## Collected data
▼
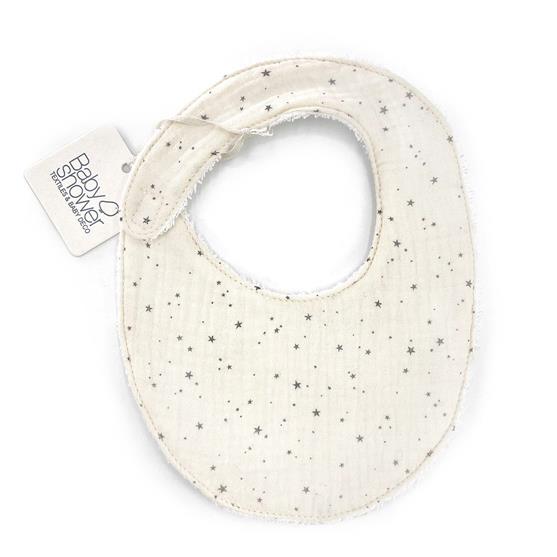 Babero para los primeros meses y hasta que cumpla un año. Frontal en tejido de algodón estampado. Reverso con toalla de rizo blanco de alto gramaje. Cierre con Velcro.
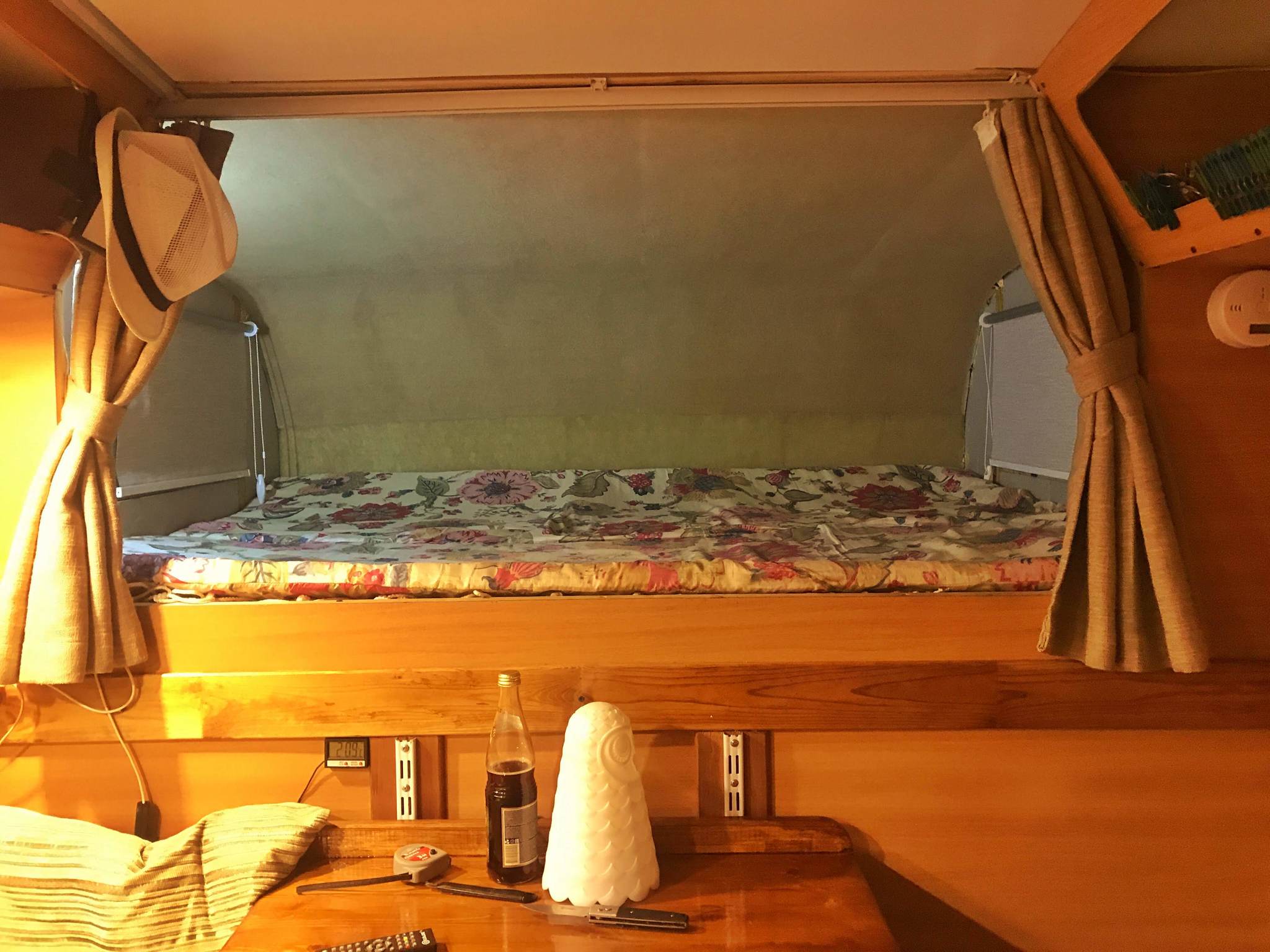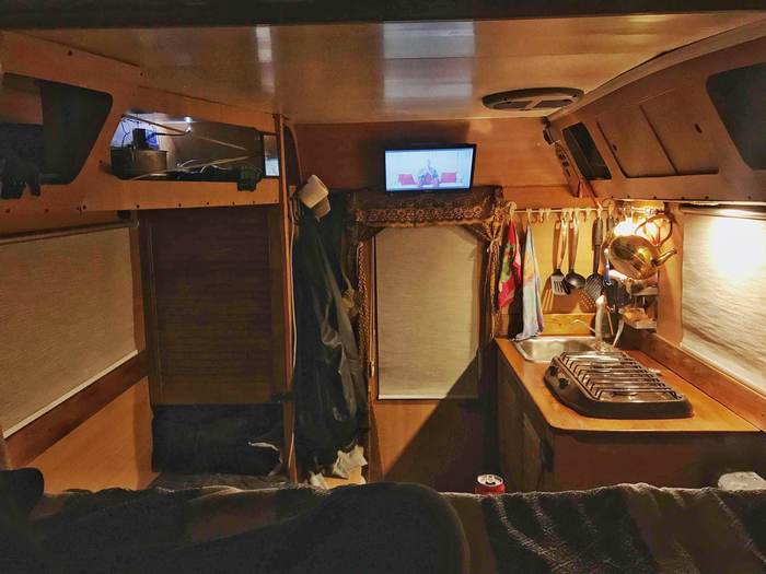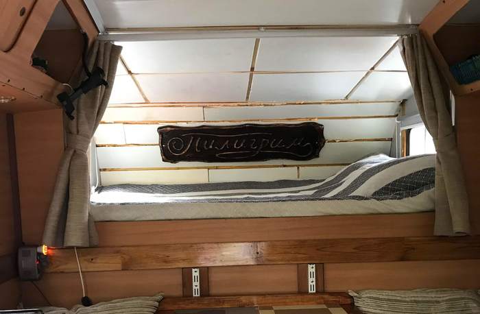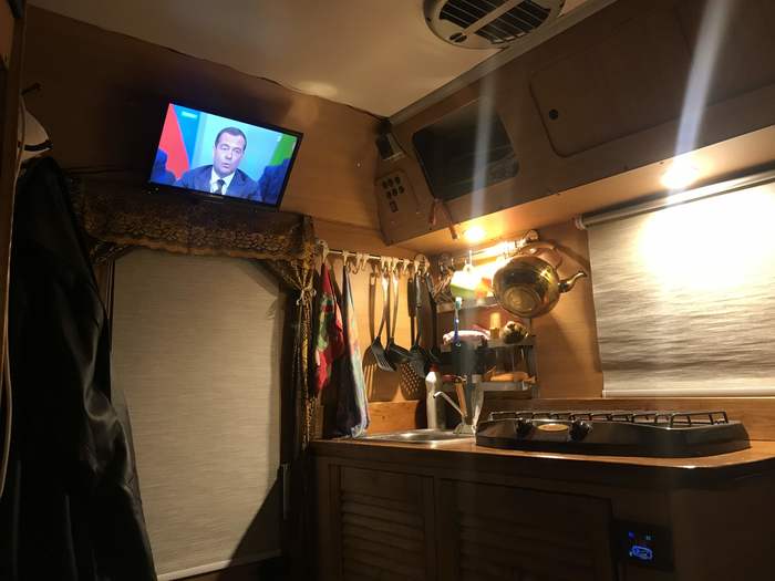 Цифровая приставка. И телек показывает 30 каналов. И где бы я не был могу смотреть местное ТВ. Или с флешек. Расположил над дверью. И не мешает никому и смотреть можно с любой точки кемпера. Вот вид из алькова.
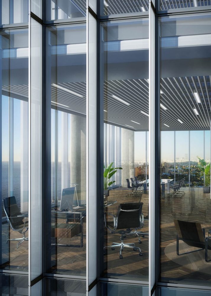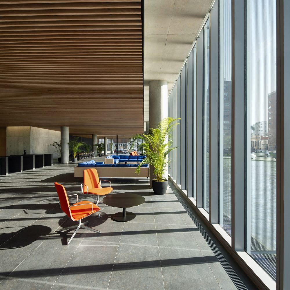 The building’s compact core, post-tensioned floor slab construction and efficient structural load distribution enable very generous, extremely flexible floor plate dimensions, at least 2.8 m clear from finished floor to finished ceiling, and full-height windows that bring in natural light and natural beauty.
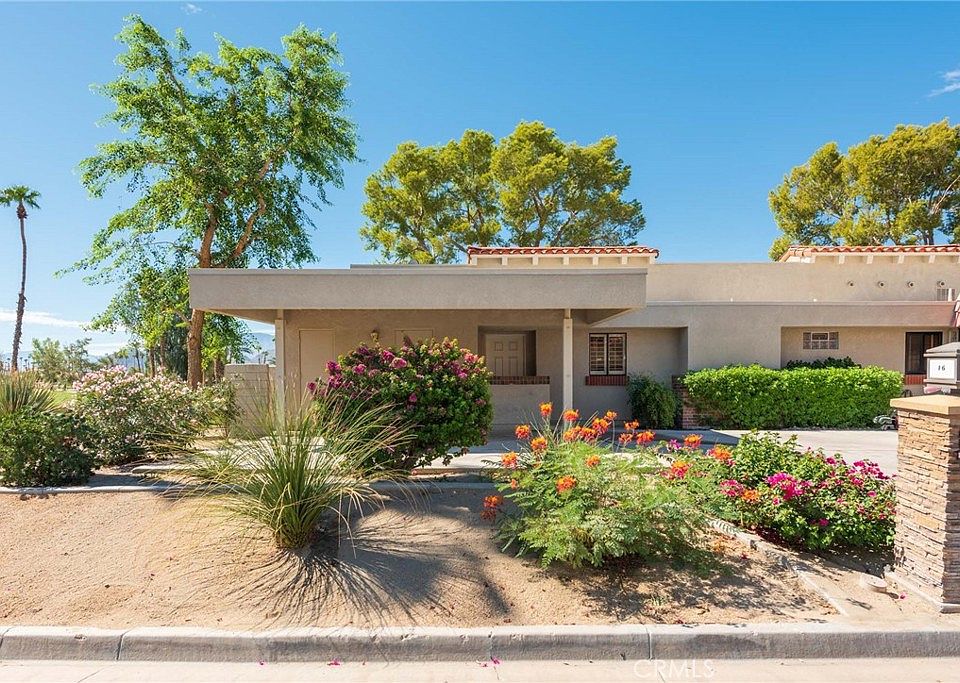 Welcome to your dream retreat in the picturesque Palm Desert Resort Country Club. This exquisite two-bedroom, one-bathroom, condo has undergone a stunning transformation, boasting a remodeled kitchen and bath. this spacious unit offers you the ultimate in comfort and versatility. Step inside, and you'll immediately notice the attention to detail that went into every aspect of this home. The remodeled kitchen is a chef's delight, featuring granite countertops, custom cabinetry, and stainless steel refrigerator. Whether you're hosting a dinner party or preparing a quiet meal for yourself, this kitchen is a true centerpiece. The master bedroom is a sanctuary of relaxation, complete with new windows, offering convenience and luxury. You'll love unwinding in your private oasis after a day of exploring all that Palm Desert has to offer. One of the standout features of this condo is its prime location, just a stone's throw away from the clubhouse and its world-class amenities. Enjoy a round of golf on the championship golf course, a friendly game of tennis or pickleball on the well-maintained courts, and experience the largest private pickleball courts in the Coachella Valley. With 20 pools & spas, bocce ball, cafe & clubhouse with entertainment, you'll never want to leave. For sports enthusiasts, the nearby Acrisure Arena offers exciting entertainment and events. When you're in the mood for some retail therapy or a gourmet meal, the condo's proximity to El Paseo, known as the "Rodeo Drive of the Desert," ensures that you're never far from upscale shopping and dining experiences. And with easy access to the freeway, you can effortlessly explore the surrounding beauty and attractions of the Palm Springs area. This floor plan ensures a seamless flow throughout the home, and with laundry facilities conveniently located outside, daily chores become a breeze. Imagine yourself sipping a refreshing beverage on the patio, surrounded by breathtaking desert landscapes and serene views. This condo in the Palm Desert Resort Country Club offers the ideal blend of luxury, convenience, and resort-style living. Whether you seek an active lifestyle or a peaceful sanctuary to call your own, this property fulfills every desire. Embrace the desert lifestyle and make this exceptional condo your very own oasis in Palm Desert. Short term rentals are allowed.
▲
## The task
Quote each line of the listing exactly, but leave the pictures out.

## Response below
 Babero para los primeros meses y hasta que cumpla un año. Frontal en tejido de algodón estampado. Reverso con toalla de rizo blanco de alto gramaje. Cierre con Velcro.
 Цифровая приставка. И телек показывает 30 каналов. И где бы я не был могу смотреть местное ТВ. Или с флешек. Расположил над дверью. И не мешает никому и смотреть можно с любой точки кемпера. Вот вид из алькова.
 The building’s compact core, post-tensioned floor slab construction and efficient structural load distribution enable very generous, extremely flexible floor plate dimensions, at least 2.8 m clear from finished floor to finished ceiling, and full-height windows that bring in natural light and natural beauty.
 Welcome to your dream retreat in the picturesque Palm Desert Resort Country Club. This exquisite two-bedroom, one-bathroom, condo has undergone a stunning transformation, boasting a remodeled kitchen and bath. this spacious unit offers you the ultimate in comfort and versatility. Step inside, and you'll immediately notice the attention to detail that went into every aspect of this home. The remodeled kitchen is a chef's delight, featuring granite countertops, custom cabinetry, and stainless steel refrigerator. Whether you're hosting a dinner party or preparing a quiet meal for yourself, this kitchen is a true centerpiece. The master bedroom is a sanctuary of relaxation, complete with new windows, offering convenience and luxury. You'll love unwinding in your private oasis after a day of exploring all that Palm Desert has to offer. One of the standout features of this condo is its prime location, just a stone's throw away from the clubhouse and its world-class amenities. Enjoy a round of golf on the championship golf course, a friendly game of tennis or pickleball on the well-maintained courts, and experience the largest private pickleball courts in the Coachella Valley. With 20 pools & spas, bocce ball, cafe & clubhouse with entertainment, you'll never want to leave. For sports enthusiasts, the nearby Acrisure Arena offers exciting entertainment and events. When you're in the mood for some retail therapy or a gourmet meal, the condo's proximity to El Paseo, known as the "Rodeo Drive of the Desert," ensures that you're never far from upscale shopping and dining experiences. And with easy access to the freeway, you can effortlessly explore the surrounding beauty and attractions of the Palm Springs area. This floor plan ensures a seamless flow throughout the home, and with laundry facilities conveniently located outside, daily chores become a breeze. Imagine yourself sipping a refreshing beverage on the patio, surrounded by breathtaking desert landscapes and serene views. This condo in the Palm Desert Resort Country Club offers the ideal blend of luxury, convenience, and resort-style living. Whether you seek an active lifestyle or a peaceful sanctuary to call your own, this property fulfills every desire. Embrace the desert lifestyle and make this exceptional condo your very own oasis in Palm Desert. Short term rentals are allowed.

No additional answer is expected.